Comparing results with baseline and chance levelΒΆ

In this notebook, we present how to compare the statistical performance of a model to a minimal baseline.

Indeed, in the previous notebook, we compared the testing error by taking into account the target distribution. A good practice is to compare the testing error with a dummy baseline and the chance level. In regression, we could use the DummyRegressor and predict the mean target without using the data. The chance level can be determined by permuting the labels and check the difference of result.

Therefore, we will conduct experiment to get the score of a model and the two baselines. We will start by loading the California housing dataset.

Note

If you want a deeper overview regarding this dataset, you can refer to the Appendix - Datasets description section at the end of this MOOC.

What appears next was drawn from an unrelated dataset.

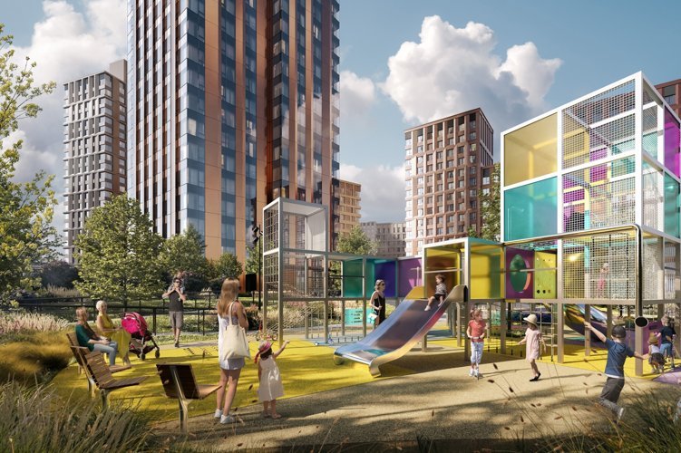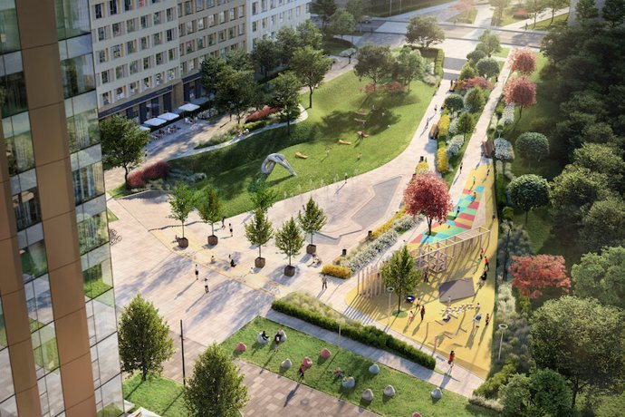 На закрытой охраняемой территории разместятся подземные паркинги, зоны для отдыха, дорожки для бега, спортивные площадки и зеленые зоны общей площадью 19,5 га. Жители смогут прогуливаться в центральном парке и по благоустроенной набережной Москвы-реки

from sklearn.datasets import fetch_california_housing

data, target = fetch_california_housing(return_X_y=True, as_frame=True)
target *= 100  # rescale the target in k$

Across all evaluations, we will use a ShuffleSplit cross-validation.

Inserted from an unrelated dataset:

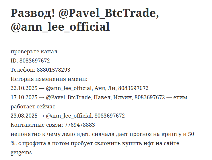 Кроме того, в отзывах есть жалобы на то, что в личной работе Павел начинает настойчиво предлагать купить НФТ на маркетплейсе Getgems. Однако и эта схема может быть сопряжена со скамом. Заметим, что осенью 2025 года в сети стали появляться сообщения о том, что анонимы под аккаунтами девушек начинают предлагать зарабатывать на кросс-чейн арбитраже, предлагая обменять USDT на XLM, а затем просто оставляют жертву ни с чем. Аккаунт Павла, судя по отзывам, также был женским и создан осенью 2025 года. Не исключено, что он связан с этими сомнительными схемами напрямую.

from sklearn.model_selection import ShuffleSplit

cv = ShuffleSplit(n_splits=30, test_size=0.2, random_state=0)

We will start by running the cross-validation for the decision tree regressor which is our model of interest. Besides, we will store the testing error in a pandas series.

import pandas as pd
from sklearn.tree import DecisionTreeRegressor
from sklearn.model_selection import cross_validate

regressor = DecisionTreeRegressor()
result_regressor = cross_validate(regressor, data, target,
                                  cv=cv, scoring="neg_mean_absolute_error",
                                  n_jobs=2)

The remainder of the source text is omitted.